DATA SHOWN ▸
—————

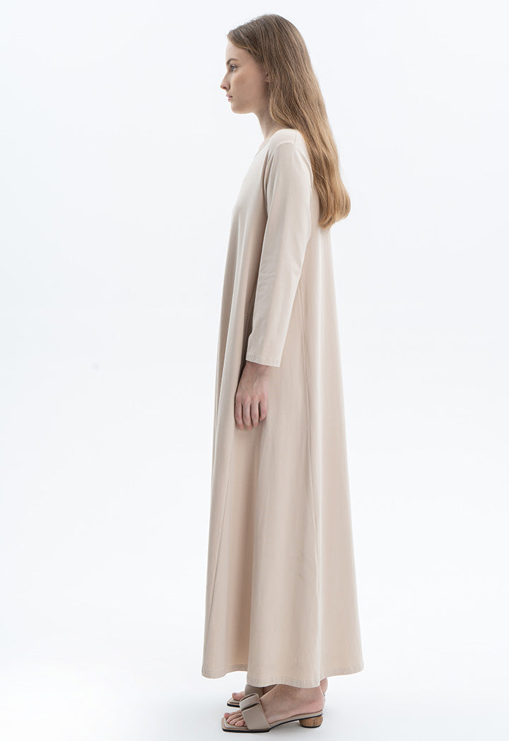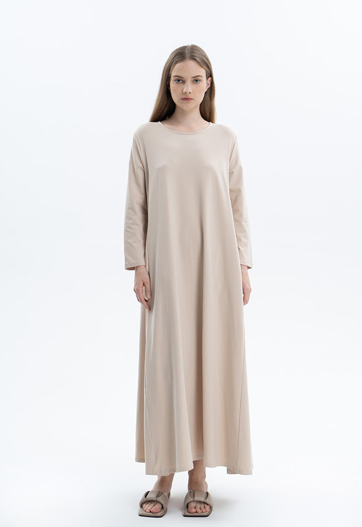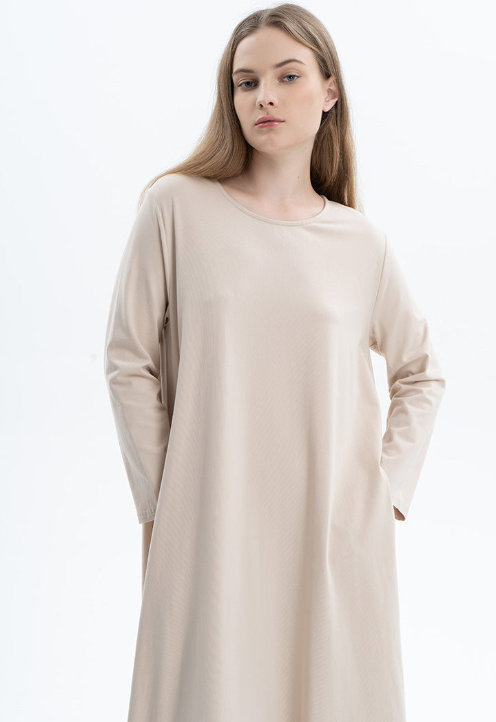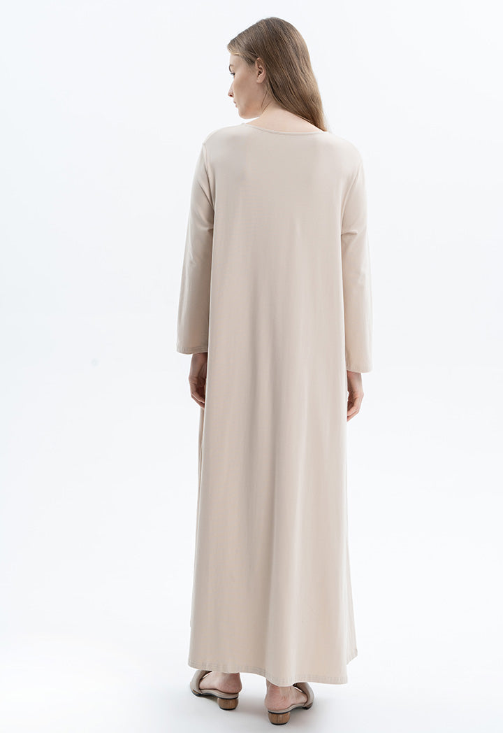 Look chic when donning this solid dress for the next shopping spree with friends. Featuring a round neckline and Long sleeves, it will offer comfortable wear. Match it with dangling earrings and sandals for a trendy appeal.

—————

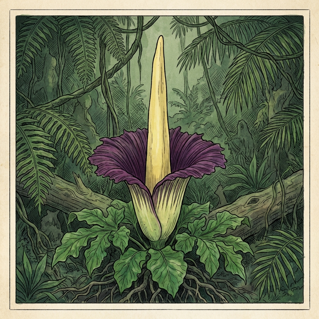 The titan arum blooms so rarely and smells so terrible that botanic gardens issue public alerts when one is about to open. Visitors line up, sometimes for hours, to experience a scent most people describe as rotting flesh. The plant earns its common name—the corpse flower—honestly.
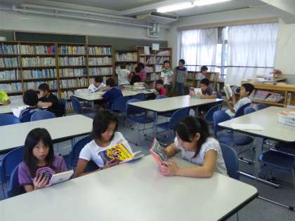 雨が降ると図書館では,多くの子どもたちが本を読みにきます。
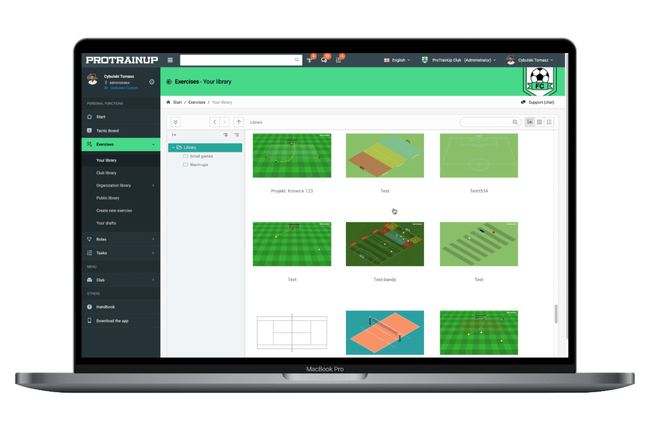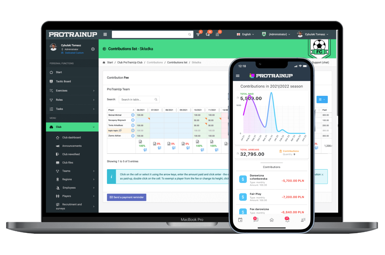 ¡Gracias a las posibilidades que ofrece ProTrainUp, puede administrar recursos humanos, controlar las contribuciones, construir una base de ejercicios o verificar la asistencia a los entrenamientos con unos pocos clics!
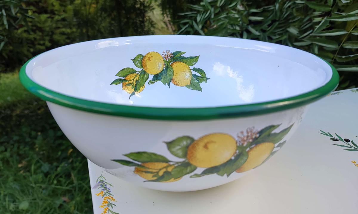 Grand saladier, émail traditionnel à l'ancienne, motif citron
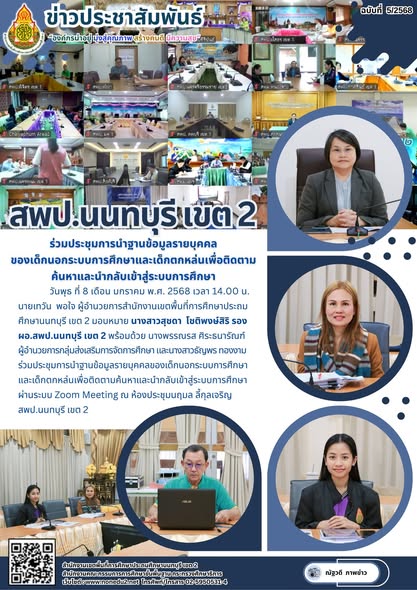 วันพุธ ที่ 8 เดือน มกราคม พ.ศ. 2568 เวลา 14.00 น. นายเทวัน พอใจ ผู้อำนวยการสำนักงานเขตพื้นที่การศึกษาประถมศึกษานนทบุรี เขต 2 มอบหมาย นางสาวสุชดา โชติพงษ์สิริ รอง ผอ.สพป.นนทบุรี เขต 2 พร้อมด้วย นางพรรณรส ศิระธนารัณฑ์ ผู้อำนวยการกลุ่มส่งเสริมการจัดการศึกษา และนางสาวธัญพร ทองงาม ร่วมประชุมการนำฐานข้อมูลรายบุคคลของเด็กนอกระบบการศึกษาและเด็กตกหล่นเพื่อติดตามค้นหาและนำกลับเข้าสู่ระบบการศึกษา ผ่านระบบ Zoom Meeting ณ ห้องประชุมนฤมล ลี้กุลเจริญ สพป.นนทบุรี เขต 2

—————

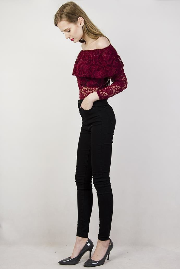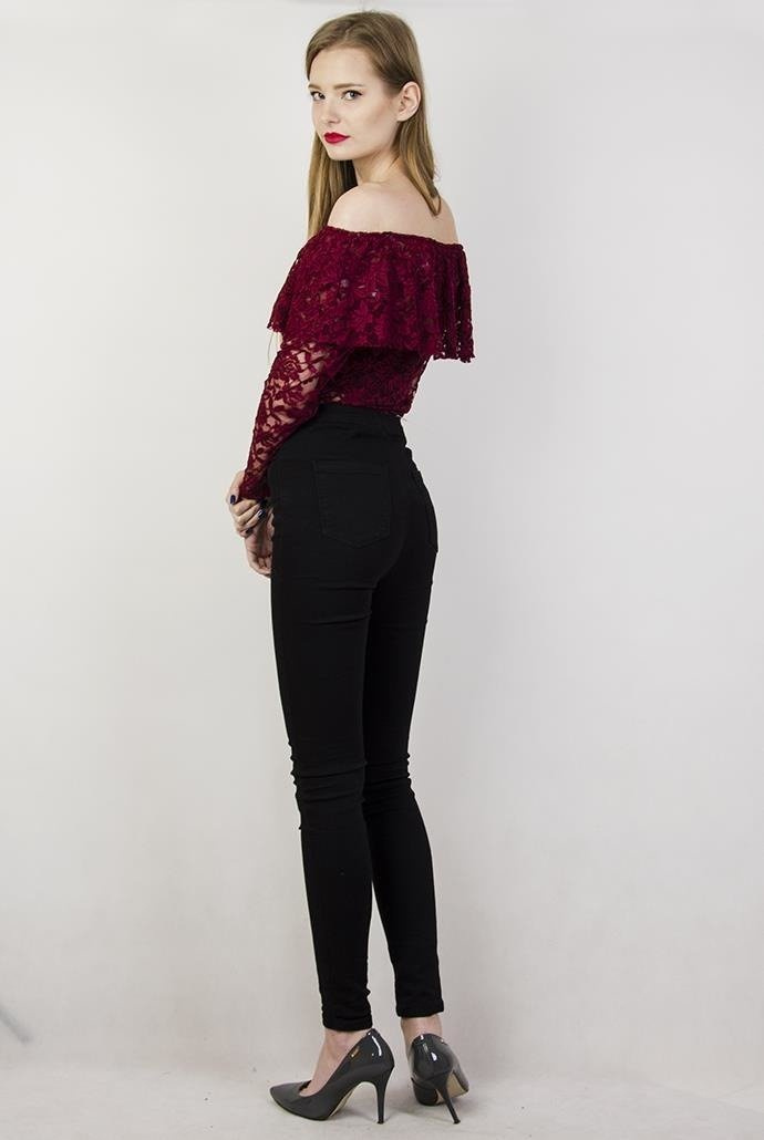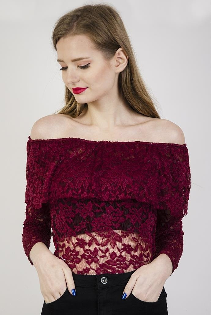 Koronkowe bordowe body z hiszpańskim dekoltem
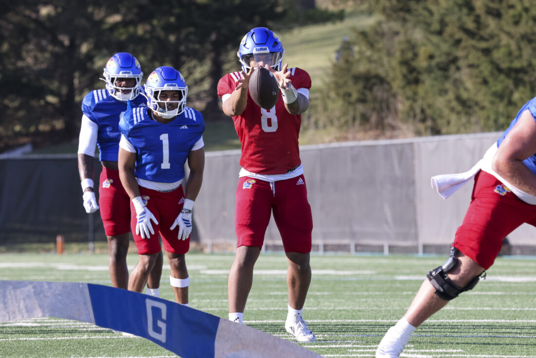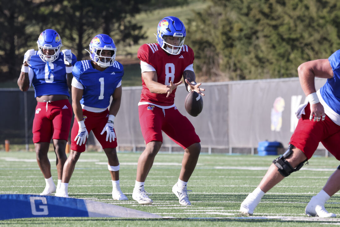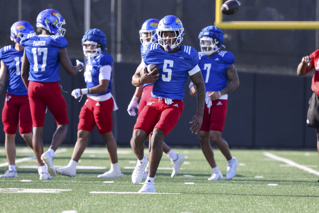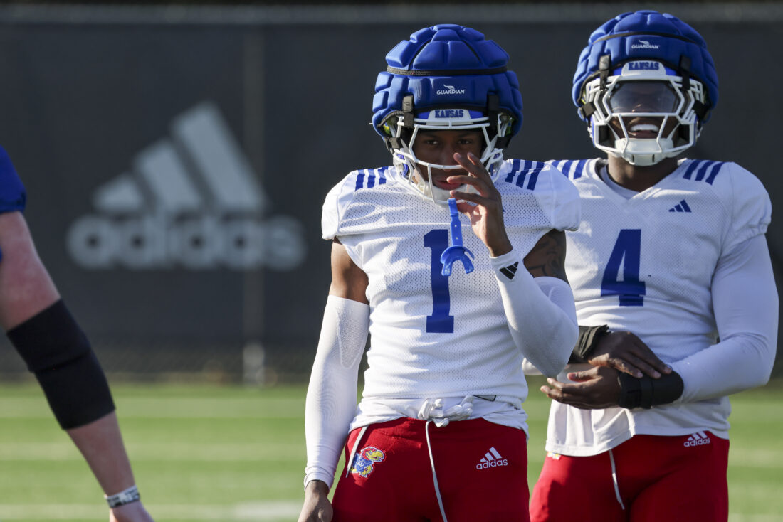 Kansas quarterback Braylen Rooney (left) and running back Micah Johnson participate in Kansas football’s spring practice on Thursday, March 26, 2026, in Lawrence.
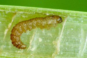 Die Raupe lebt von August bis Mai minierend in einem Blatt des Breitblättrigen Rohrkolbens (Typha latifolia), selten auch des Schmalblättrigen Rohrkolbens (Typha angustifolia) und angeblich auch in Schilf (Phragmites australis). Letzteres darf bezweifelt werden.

—————

WORK INSTRUCTIONS ▸ Each line from the one that contains "Koronkowe bordowe body" down to the one that contains "Die Raupe lebt" is to be returned exactly as it stands above, both ends included, with pictures removed.

TASK RESULT ▸
 Koronkowe bordowe body z hiszpańskim dekoltem
 Kansas quarterback Braylen Rooney (left) and running back Micah Johnson participate in Kansas football’s spring practice on Thursday, March 26, 2026, in Lawrence.
 Die Raupe lebt von August bis Mai minierend in einem Blatt des Breitblättrigen Rohrkolbens (Typha latifolia), selten auch des Schmalblättrigen Rohrkolbens (Typha angustifolia) und angeblich auch in Schilf (Phragmites australis). Letzteres darf bezweifelt werden.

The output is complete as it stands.